Work to complete: An exact copy of all the data is needed, with every picture left out.
[[ Data section, beginning ]]
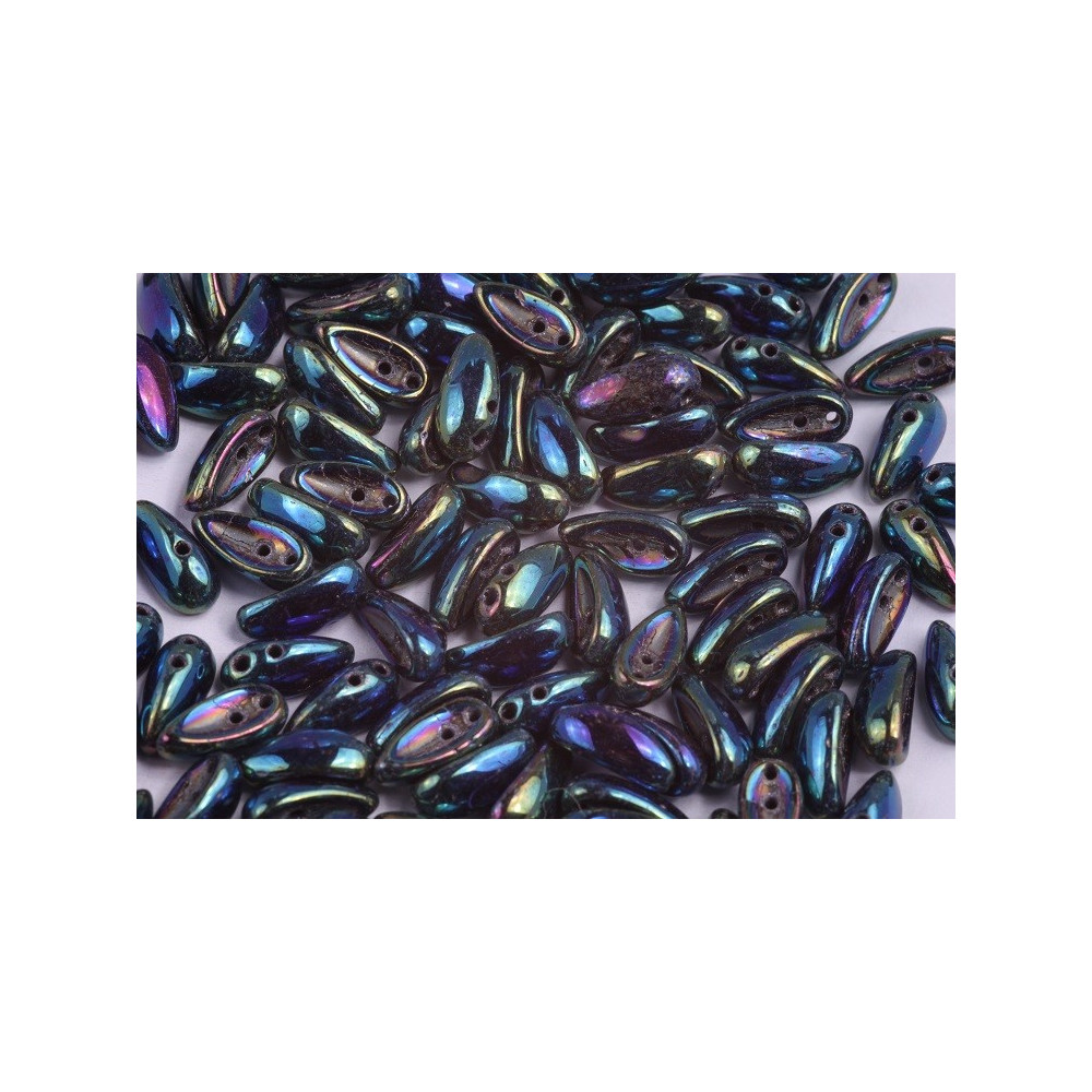 Perle di vetro Preciosa Chilli in Black Opaque Green Iris 4x11mm Blue 23980/21455
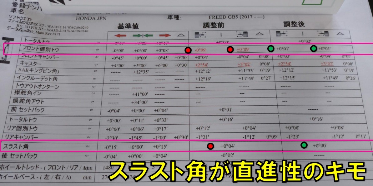 さらに、直進性改善とわずかなハンドルセンターのズレ改善の為にアライメント調整も実施致しました♪
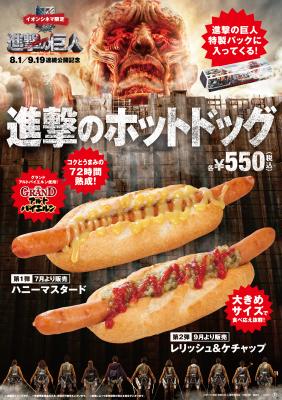 映画の連続公開に合わせ、ソースは第1弾「ハニーマスタード」に続いて、9月(予定)からは第2弾「レリッシュ&ケチャップ」が登場します。パッケージは巨人が大きく描かれた、ファンにうれしいオリジナル特製パック。“進撃のホットドッグを食べて巨人に立ち向かおう!”をテーマに、映画のワクワク感を一層高めてくれます。
[[ Data section, end ]]
Result:
 Perle di vetro Preciosa Chilli in Black Opaque Green Iris 4x11mm Blue 23980/21455
 さらに、直進性改善とわずかなハンドルセンターのズレ改善の為にアライメント調整も実施致しました♪
 映画の連続公開に合わせ、ソースは第1弾「ハニーマスタード」に続いて、9月(予定)からは第2弾「レリッシュ&ケチャップ」が登場します。パッケージは巨人が大きく描かれた、ファンにうれしいオリジナル特製パック。“進撃のホットドッグを食べて巨人に立ち向かおう!”をテーマに、映画のワクワク感を一層高めてくれます。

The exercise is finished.